=== Data section ===
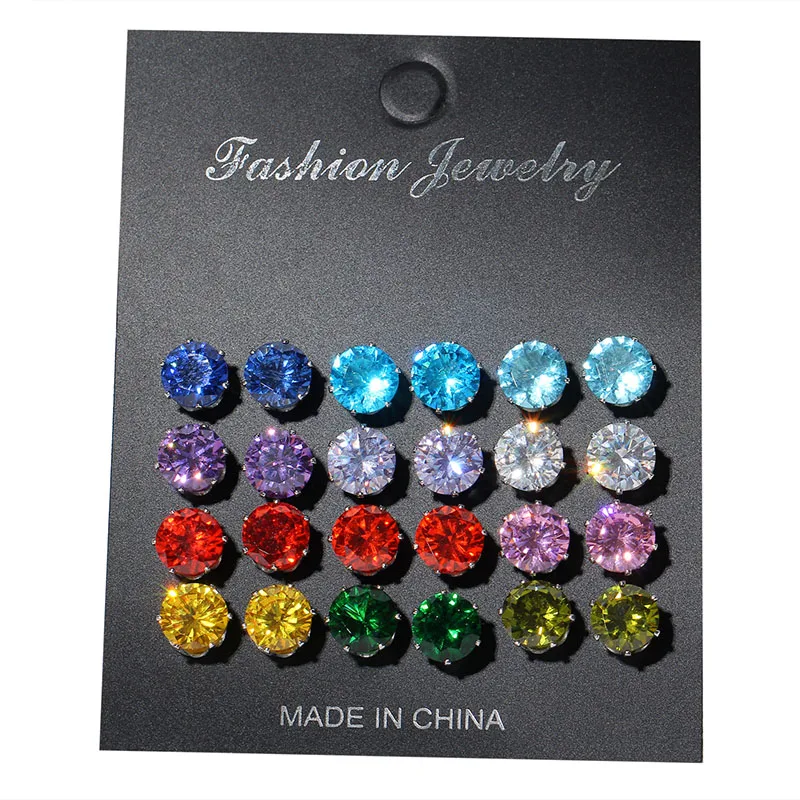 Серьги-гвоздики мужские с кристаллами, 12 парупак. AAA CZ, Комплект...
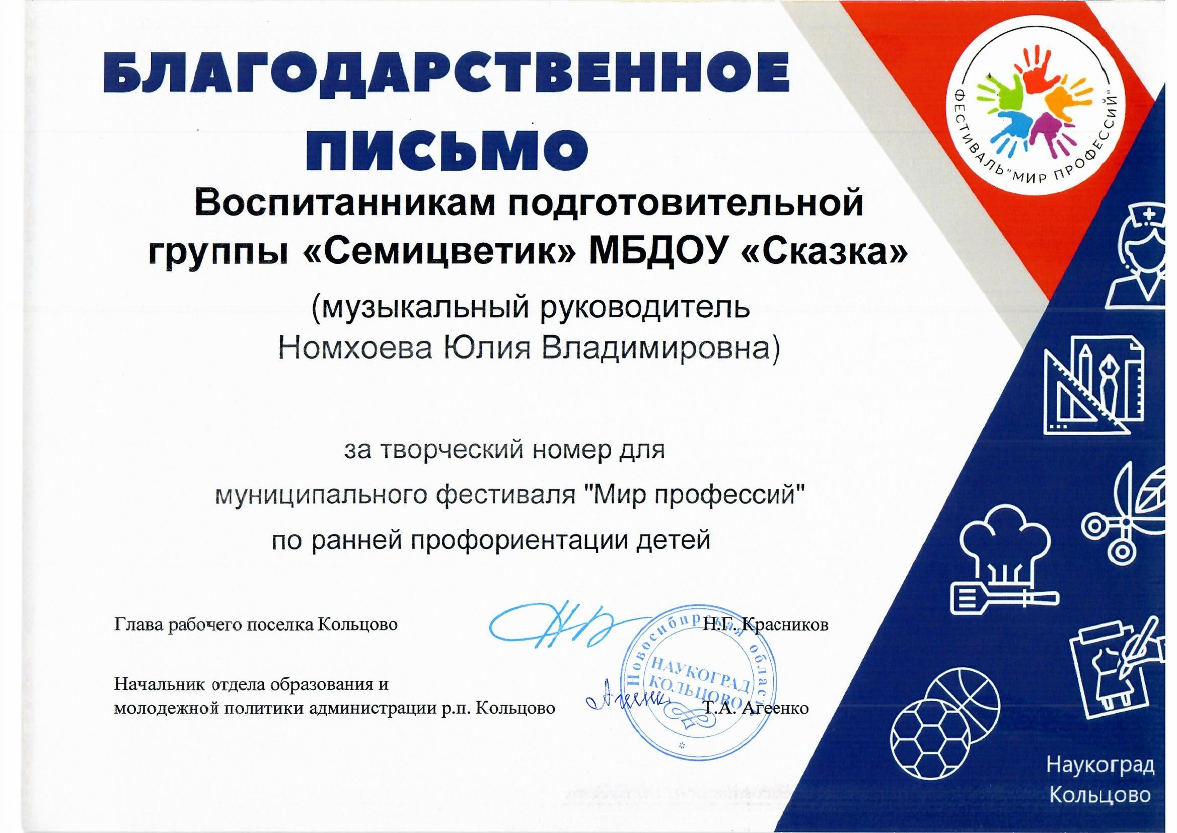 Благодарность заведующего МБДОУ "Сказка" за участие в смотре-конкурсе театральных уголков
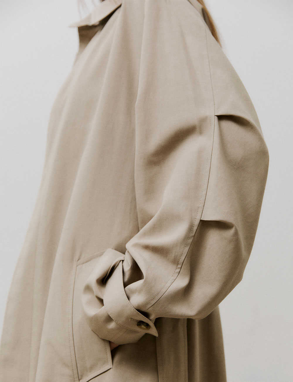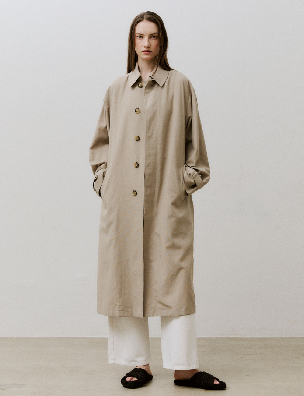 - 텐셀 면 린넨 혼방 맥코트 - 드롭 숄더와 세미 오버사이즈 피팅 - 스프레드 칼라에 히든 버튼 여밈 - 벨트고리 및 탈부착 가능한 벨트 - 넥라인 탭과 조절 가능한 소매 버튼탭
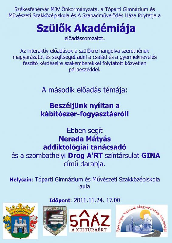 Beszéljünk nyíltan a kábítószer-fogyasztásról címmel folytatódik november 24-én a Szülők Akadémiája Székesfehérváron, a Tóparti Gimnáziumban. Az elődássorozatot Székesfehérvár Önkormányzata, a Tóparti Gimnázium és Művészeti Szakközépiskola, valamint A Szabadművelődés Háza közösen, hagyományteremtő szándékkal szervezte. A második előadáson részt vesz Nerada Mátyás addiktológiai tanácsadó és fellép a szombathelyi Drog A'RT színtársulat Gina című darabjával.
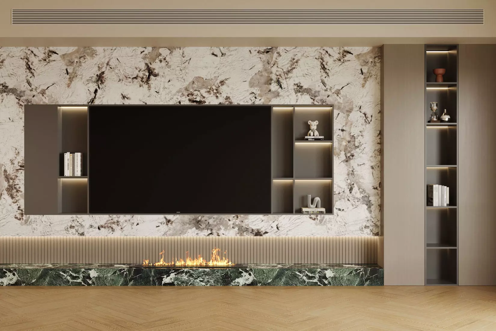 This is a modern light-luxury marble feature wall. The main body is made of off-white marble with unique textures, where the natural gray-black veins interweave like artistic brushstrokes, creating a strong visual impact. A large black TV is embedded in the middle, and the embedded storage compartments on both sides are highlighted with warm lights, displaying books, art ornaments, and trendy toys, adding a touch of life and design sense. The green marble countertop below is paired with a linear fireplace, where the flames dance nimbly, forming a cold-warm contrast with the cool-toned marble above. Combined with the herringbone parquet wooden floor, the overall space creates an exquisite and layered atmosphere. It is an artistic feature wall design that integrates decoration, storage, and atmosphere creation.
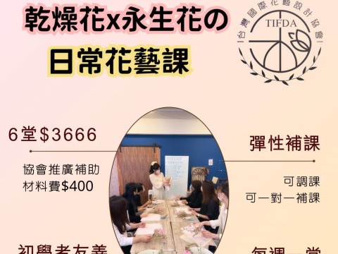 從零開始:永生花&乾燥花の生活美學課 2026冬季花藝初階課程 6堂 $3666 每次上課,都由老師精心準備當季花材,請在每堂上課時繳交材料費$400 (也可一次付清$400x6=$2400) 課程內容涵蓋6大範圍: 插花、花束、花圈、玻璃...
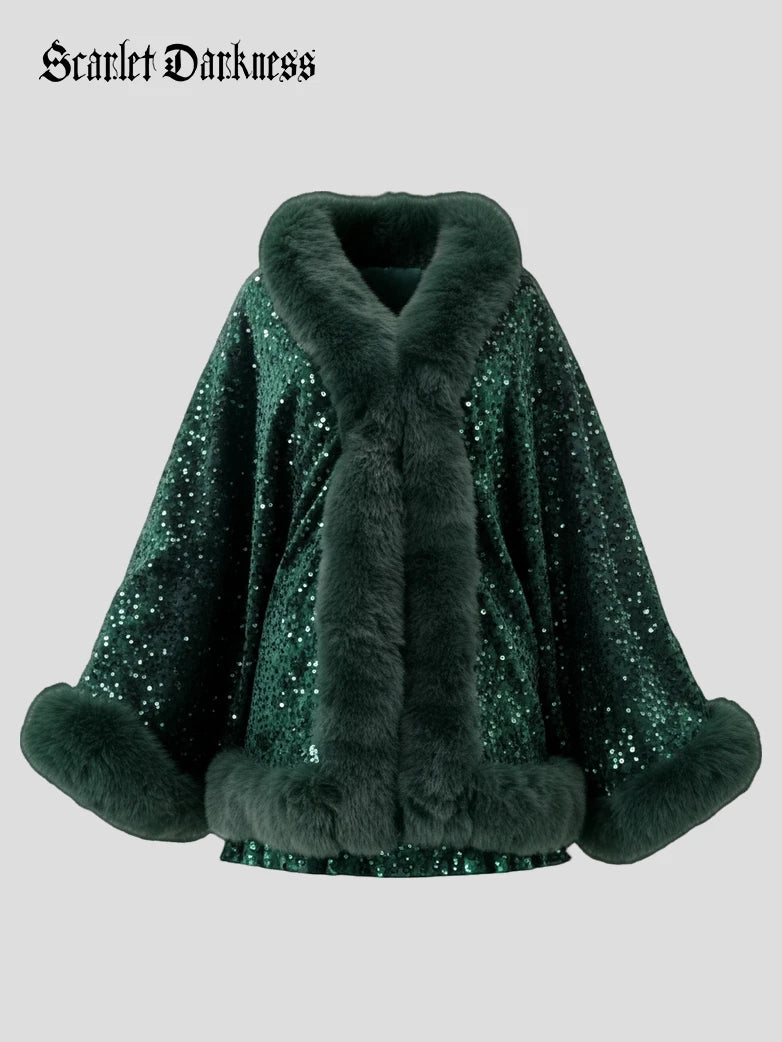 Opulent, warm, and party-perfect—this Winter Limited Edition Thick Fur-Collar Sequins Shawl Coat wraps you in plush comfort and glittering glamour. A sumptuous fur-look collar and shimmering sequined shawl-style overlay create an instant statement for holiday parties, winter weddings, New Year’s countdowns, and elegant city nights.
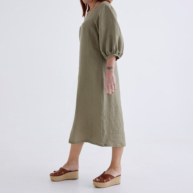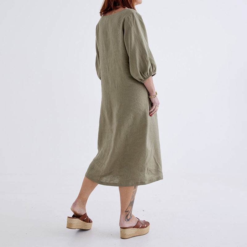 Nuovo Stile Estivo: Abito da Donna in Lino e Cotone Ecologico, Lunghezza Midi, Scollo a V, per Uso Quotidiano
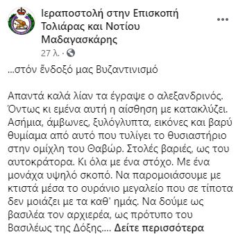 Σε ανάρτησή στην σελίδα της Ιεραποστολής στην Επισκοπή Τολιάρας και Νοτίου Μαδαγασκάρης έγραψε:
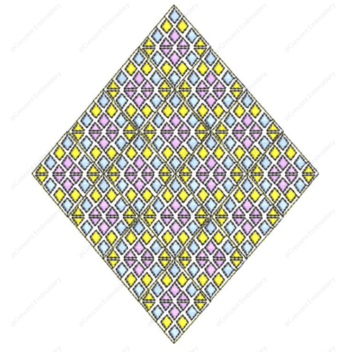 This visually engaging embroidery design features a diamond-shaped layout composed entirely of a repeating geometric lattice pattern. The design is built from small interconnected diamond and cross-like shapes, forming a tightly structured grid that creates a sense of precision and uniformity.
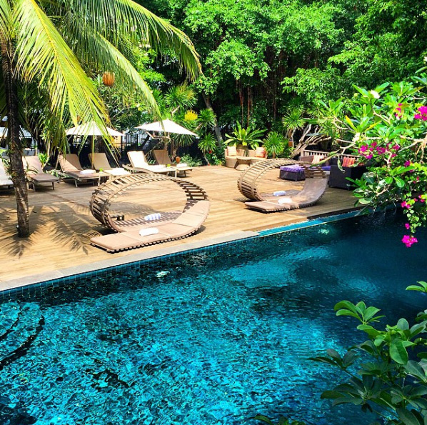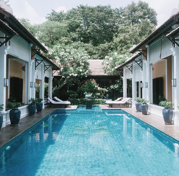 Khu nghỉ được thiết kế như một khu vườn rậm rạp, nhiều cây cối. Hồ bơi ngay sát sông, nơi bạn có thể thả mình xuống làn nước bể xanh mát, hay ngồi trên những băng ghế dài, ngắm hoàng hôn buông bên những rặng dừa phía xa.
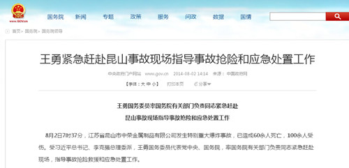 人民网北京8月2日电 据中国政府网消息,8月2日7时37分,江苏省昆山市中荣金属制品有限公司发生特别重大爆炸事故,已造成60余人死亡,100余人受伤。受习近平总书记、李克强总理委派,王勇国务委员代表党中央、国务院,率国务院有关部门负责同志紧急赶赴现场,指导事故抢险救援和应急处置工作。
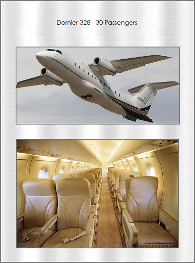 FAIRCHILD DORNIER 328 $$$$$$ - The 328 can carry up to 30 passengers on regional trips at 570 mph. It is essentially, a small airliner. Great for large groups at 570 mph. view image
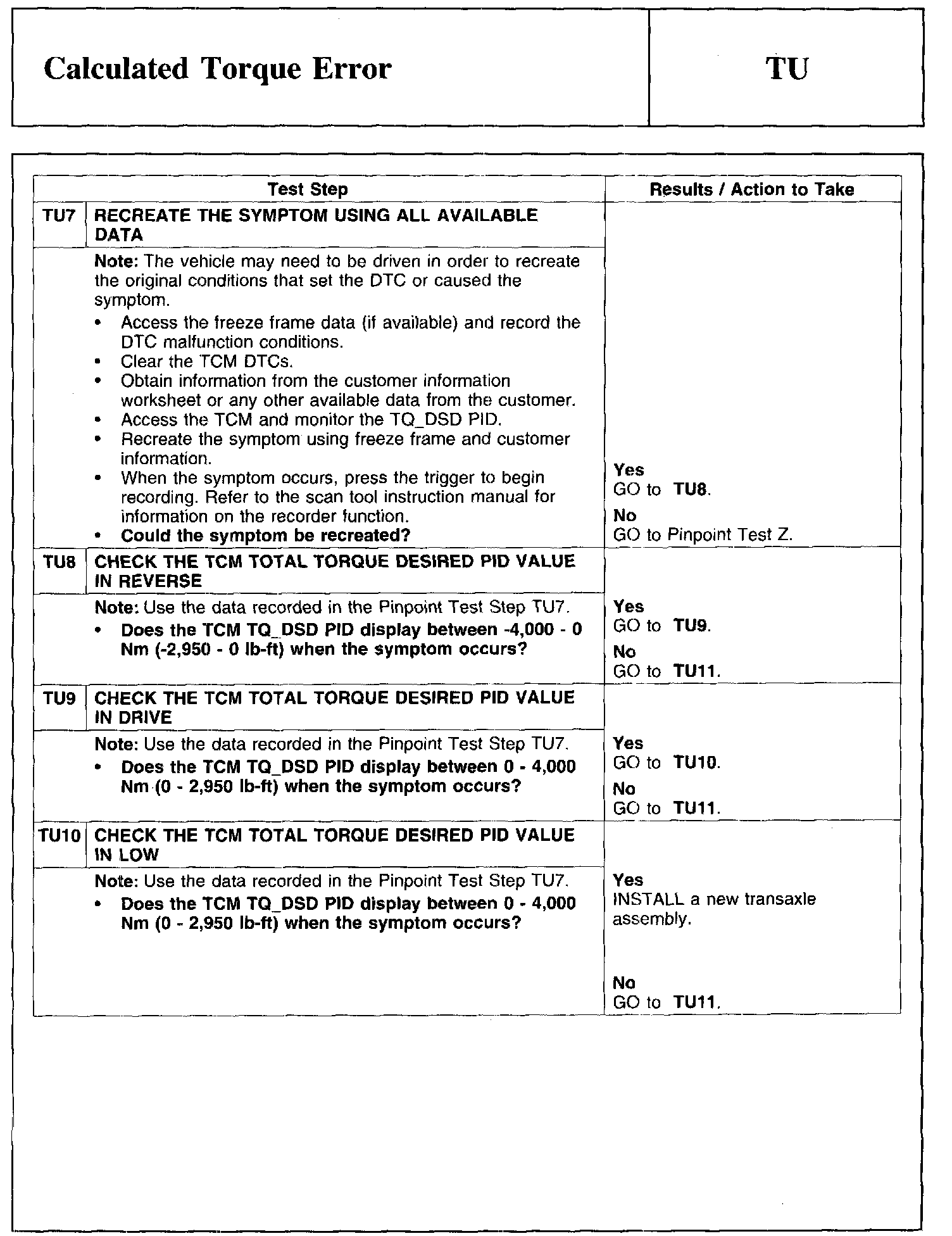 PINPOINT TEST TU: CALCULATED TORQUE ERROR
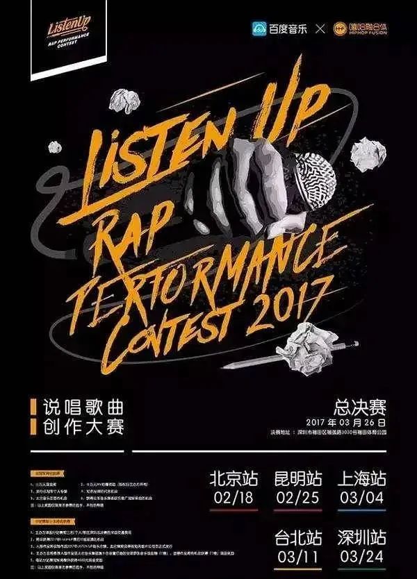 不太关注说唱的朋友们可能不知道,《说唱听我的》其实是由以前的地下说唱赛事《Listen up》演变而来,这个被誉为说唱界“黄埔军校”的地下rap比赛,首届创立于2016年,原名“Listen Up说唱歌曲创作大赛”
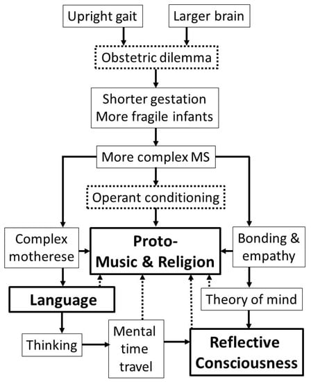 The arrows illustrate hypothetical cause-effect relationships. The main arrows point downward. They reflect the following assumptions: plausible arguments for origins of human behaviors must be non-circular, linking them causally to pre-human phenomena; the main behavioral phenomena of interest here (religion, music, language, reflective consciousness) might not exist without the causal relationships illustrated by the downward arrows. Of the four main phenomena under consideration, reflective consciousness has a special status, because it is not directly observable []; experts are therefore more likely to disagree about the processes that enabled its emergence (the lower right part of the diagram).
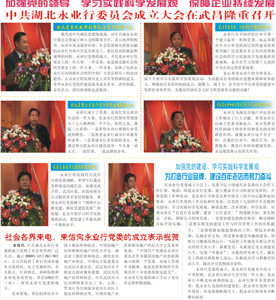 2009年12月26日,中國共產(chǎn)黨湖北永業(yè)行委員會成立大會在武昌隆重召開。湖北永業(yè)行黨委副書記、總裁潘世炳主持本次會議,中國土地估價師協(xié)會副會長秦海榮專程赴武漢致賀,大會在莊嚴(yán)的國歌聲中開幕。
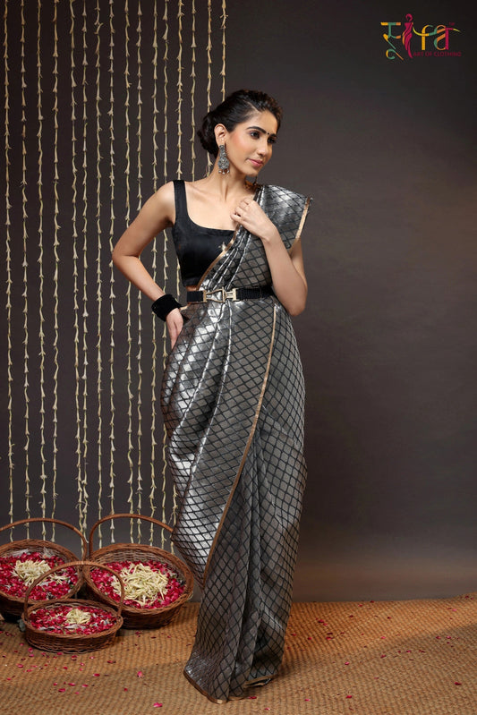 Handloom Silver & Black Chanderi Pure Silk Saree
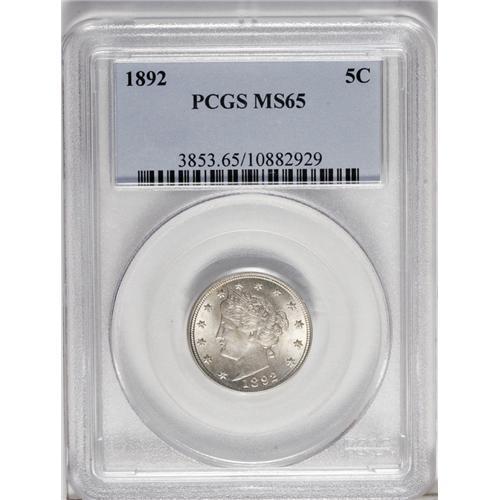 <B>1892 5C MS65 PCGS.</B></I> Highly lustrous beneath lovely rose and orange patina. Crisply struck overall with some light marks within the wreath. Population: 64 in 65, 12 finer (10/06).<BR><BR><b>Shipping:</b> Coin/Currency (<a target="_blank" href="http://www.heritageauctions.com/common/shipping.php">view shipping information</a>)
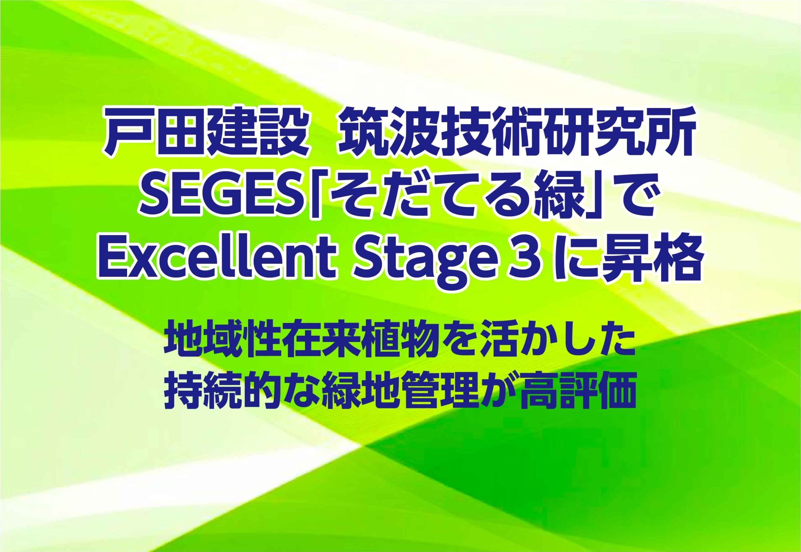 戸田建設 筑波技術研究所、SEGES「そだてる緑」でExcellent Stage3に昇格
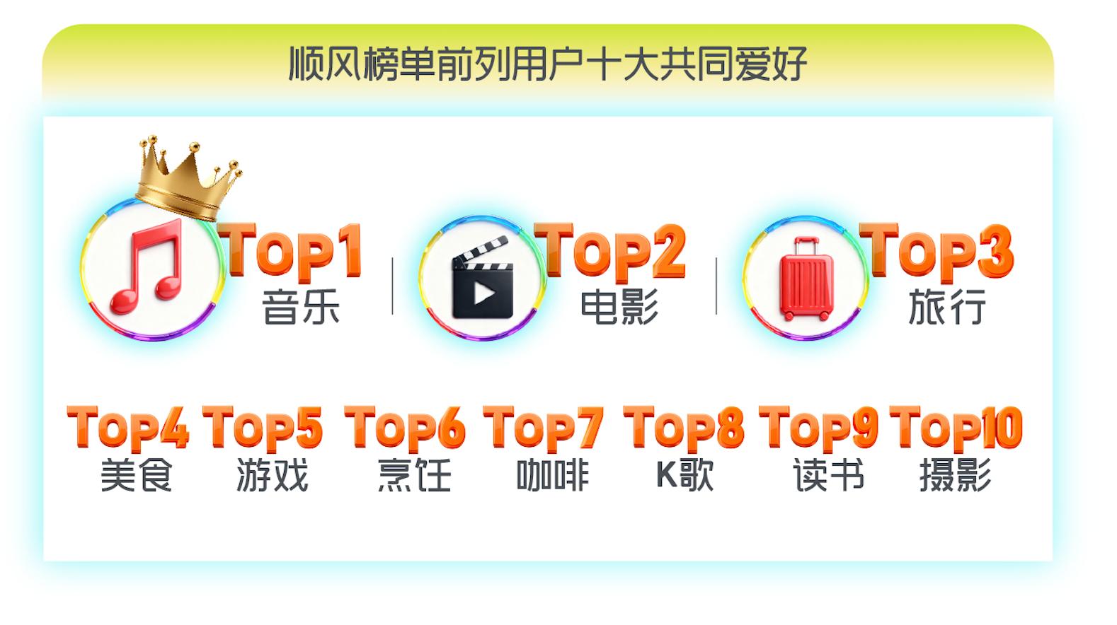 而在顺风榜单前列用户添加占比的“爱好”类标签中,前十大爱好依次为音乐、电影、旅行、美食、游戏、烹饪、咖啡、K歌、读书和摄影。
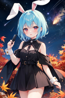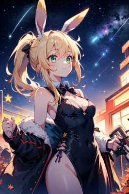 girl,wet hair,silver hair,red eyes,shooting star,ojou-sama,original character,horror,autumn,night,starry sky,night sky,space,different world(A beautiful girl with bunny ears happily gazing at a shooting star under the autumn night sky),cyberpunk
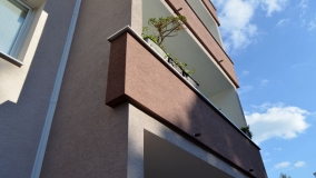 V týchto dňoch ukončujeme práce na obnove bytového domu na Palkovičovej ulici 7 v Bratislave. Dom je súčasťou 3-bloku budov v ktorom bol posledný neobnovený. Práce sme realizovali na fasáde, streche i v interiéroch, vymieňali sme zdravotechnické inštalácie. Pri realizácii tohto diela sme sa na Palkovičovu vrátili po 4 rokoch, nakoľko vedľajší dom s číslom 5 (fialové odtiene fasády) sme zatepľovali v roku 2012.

=== Directions for this task ===
Repeat the lines of the listing above verbatim, beginning at its first line and ending at the line containing "- 텐셀 면 린넨 혼방", which is included. Omit pictures.

=== Solution for this exercise ===
 Серьги-гвоздики мужские с кристаллами, 12 парупак. AAA CZ, Комплект...
 Благодарность заведующего МБДОУ "Сказка" за участие в смотре-конкурсе театральных уголков
 - 텐셀 면 린넨 혼방 맥코트 - 드롭 숄더와 세미 오버사이즈 피팅 - 스프레드 칼라에 히든 버튼 여밈 - 벨트고리 및 탈부착 가능한 벨트 - 넥라인 탭과 조절 가능한 소매 버튼탭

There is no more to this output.